On ne cesse, encore aujourd'hui, de parler du "coq gaulois", alors que les pauvres Gaulois n'ont jamais le moins du monde eu ce volatile pour symbole.
A ce propos, il y a eu confusion, du fait que la langue latine ayant, elle aussi, ses homonymes, le même mot "gallus" désignait à la fois le volatile et les habitants de la Gaule. Et cette confusion qui semble remonter à la fin du règne de Néron, lorsqu'une révolte de la Gaule lyonnaise provoqua de nombreux jeux de mots.
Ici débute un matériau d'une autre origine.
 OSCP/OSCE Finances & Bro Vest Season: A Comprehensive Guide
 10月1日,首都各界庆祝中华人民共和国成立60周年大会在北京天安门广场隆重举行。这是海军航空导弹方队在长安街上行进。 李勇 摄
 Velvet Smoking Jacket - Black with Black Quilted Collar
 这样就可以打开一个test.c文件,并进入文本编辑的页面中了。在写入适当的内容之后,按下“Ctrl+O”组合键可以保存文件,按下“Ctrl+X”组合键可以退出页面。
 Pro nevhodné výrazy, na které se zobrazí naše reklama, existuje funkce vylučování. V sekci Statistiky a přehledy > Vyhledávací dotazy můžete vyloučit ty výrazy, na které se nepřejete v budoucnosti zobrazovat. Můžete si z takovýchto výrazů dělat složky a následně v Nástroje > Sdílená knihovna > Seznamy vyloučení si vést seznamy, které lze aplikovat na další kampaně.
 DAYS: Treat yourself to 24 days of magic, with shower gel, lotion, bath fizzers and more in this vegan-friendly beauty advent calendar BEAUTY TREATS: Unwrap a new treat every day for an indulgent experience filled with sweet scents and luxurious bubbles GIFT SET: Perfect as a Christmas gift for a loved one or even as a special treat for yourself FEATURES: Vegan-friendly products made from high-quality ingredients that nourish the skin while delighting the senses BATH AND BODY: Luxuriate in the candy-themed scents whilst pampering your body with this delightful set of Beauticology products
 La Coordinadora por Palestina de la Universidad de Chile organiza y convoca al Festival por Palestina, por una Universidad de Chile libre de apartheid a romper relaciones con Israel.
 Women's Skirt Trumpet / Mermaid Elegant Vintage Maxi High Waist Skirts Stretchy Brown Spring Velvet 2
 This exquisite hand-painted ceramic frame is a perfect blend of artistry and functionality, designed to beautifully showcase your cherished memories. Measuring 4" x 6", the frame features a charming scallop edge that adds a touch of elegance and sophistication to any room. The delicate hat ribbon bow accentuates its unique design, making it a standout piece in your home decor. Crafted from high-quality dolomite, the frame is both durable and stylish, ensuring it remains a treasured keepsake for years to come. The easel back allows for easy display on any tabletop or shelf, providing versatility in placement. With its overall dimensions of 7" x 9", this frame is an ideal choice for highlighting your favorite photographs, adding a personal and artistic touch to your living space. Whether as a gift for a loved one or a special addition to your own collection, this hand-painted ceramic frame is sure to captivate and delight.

L'Histoire fit ensuite le reste. Le coq, longtemps symbole de la lumière naissante et donc du bien, opposé en cela à la tortue, semblant tout droit venue de la Préhistoire et dont l'appellation originelle (Tartue) évoque le Tartare, le fleuve des enfers, le coq donc avait été, avec les poules, domestiqué à l'origine par les Chinois. S'il incarna rapidement la fierté, il n'avait nullement été récupéré comme emblème par les Gaulois.
Ceux-ci auraient plutôt choisi l'alouette, oiseau sacré à leurs yeux, sans doute parce qu'elle volait très haut dans le ciel, tout en faisant son nid à terre.
Source : Comment vivaient nos ancêtres. Jean-Louis Beaucarnot.